An agent exists in an environment and must interact

with it. Jason programming language offers

capabilities for modelling and programming agents,

however, doesn’t offer means for interacting with

users and environments for real-world applications.

CArtAgo, Common ARTifact infrastructure for

Agents Open environment (Ricci et al., 2006), is a

framework for programming virtual-environments

for multiagent systems that can be integrated to Jason

for permitting interacting software agents with users,

accessing devices and sharing information or services

from another application through the concept of

artifacts. An artifact is a piece of software expressed

as a Java Class that wraps a set of resources and tools

accessible to agents for interacting with its

environment (Ricci et al., 2011). Artifacts are

grouped in workspaces which could be distributed

across a set of network nodes since it’s developed in

Java; only Java communication is supported. Also,

CArtAgo framework offers GUI capabilities for

developing applications which communicating with

users but limited to Swing Java Applications.

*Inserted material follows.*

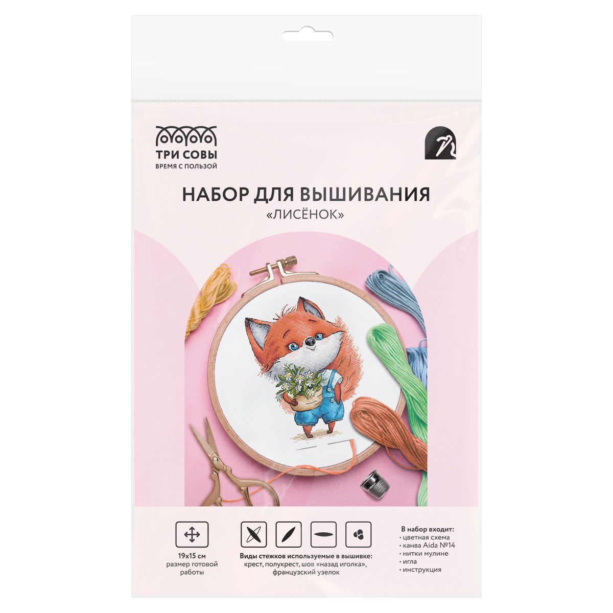 Набор для вышивания крестиком ТРИ СОВЫ "Лисенок", 19*15см, пакет с европодвесом

Although the CArtAgo communication abilities are

limited, and only supported by Java Applications, it

is extensible, with the possibilities to increase its

capabilities. In Figure 1 we present a traditional

architecture including Jason agents and a CArtAgo

environment.

Figure 1: Typical Jason/CArtAgo Framework, adapted

from (Ricci et al., 2011).

2.2 SOA and Microservices

Architecture

Microservice architecture is a software design pattern

where a single application is composite of several

small, fine-granularity and loosely coupled

“business” services, each one executing in an

independent deployed process and communicating

between them with lightweight and stateless

mechanisms like HTTP and JSON data format

(Fowler and Lewis, 2017). Given that microservices

are based on web technologies, they are programming

language agnostic and omnipresent, facilitating the

integration of different platforms services and clients.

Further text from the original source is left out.